“There,” he cried, jumping up from his chair. “You have called me ‘my dear’!”
Quickly she retorted: “I didn’t. At least, I didn’t mean to. You caught me up in your patient way. I was going to call you my dear something—my dear sir—my dear man——”
“My name happens to be John,” said Baltazar.
“ ‘My dear John’? No. I wasn’t going to say that.”
“Why?”
“It sounds as if we had been married for twenty years.”
With feminine instinct she had put her foot on his man’s vanity and had used it, like a rock climber, as a projection to mount to safety. She saw him uncertain, unhumorous, and felt pleasurably conscious of advantage gained.
“You said it twenty years ago, at any rate.”
She sat up victoriously in her chair. “I didn’t. Never. I don’t think I had the courage to call you anything. Certainly not John. I never even thought of you as John. As a label you were John Baltazar. But not John—tout court—like that. Oh no!”
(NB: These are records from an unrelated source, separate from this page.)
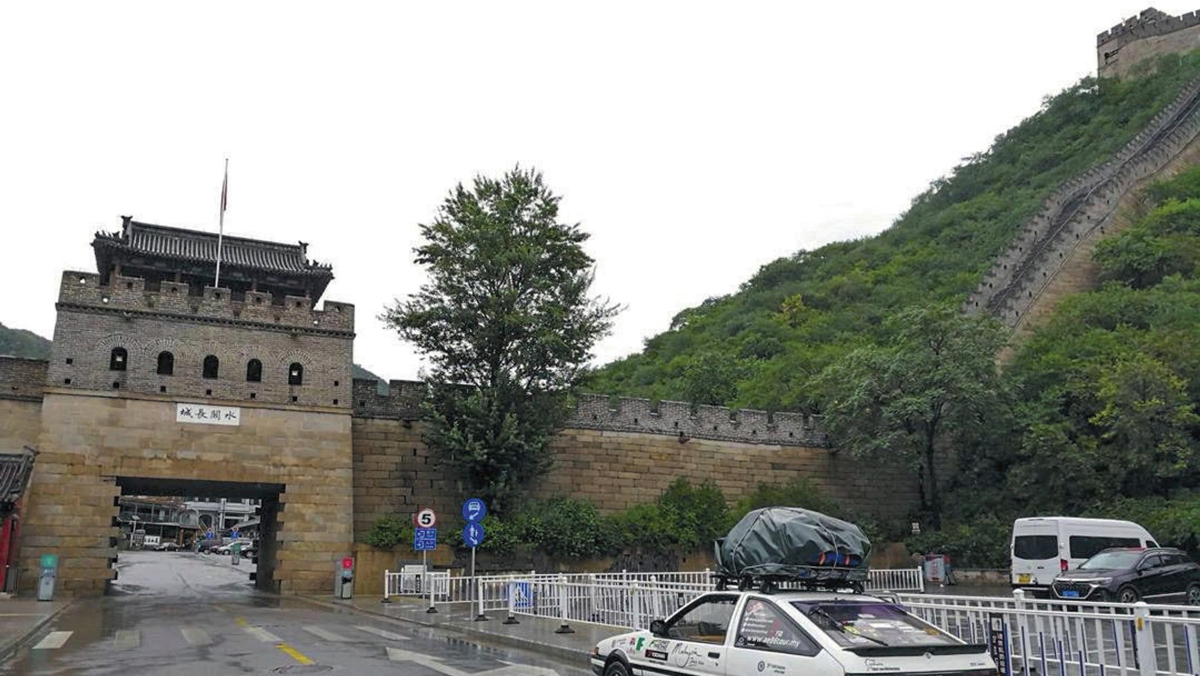 Przystanek Chiński Mur. Na bagażniku wszystko to, co nie zmieściło się w kufrze Toyoty
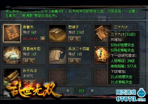 当玩家将等级提升至30级时,有关于生命值、技力的兵法不出意外应当不会差到哪去,所以此时玩家可以暂时放开这些兵法,转而研究提升攻击力和防御力的兵法。此处鄙人推荐《慰缭子》和《三十六计》,因为这两本兵法能够同时提升玩家的物理攻防和策略攻防两大属性,可以达到事半功倍的效果。
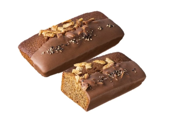 国産ごぼうパウダー使用したフィナンシェは香ばしく、ごぼうのささがきがアクセントと個性を出しています。ほんのりキャラメル風味ミルクチョコレートが半分 コーティングされ、黒胡椒&ゲランドの塩トッピング。黒コショウのアクセントが効いた大人の味。
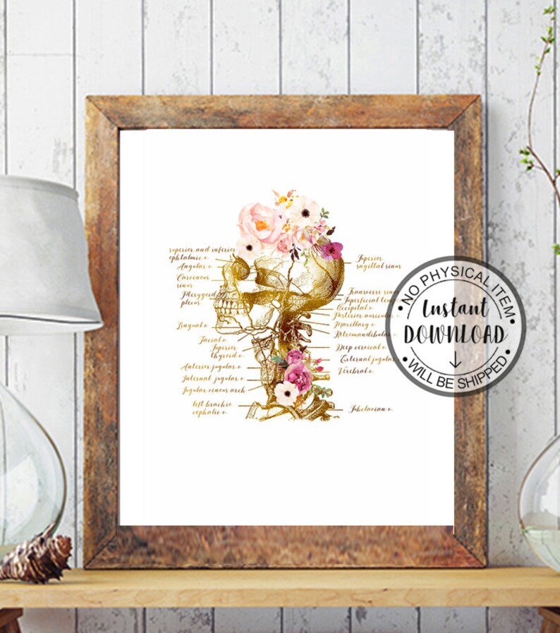 Veins Of Head Floral Anatomy Art Skull Print Medical Etsy
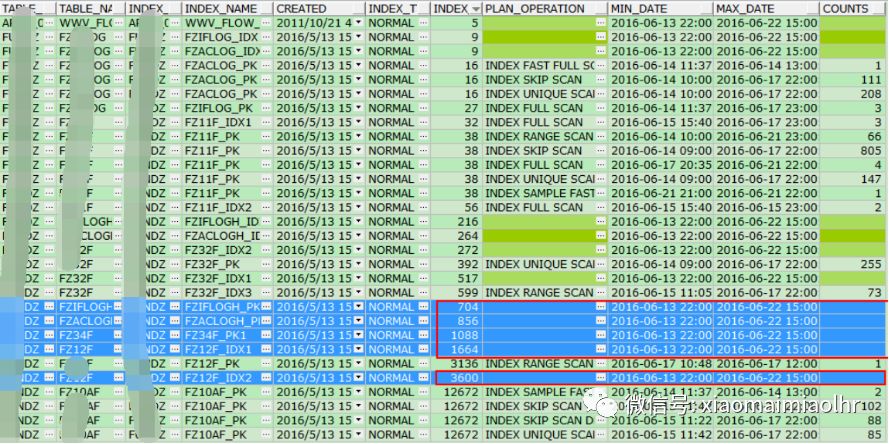 可以从视图DBA_HIST_SQL_PLAN中获取到数据库中所有索引的扫描次数情况,然后根据扫描次数和开发人员沟通是否需要保留索引。
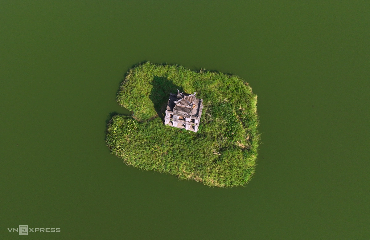 Tháp Rùa biểu tượng bình yên giữa Thủ đô in bóng giữa mặt nước xanh tĩnh lặng.
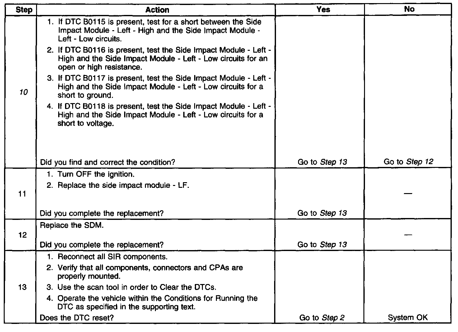 - DTC B0115 will set when the SDM detects a low resistance condition in the side impact module - LF deployment loop.
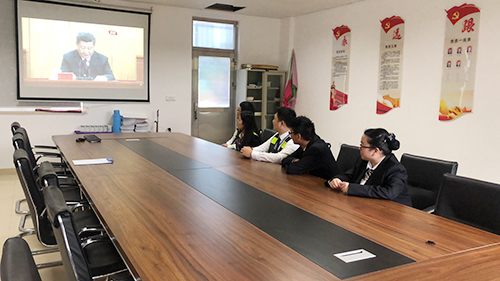 圖為臺州收費(fèi)所團(tuán)支部成員觀看大會直播

“I suppose you’re right,” said Baltazar. “It’s a damned name. It’s everything that’s dull and prosaic in the English genius concentrated into one uninspiring vocable. Unlike other idiot names, it has no pleasing diminutive. ‘Johnnie’ is insulting. ‘Jack’ is Adelphi melodrama. Thank God I’ve been spared both. Now I burst upon you, after twenty years, as ‘John,’ and you naturally receive the idea with derision.”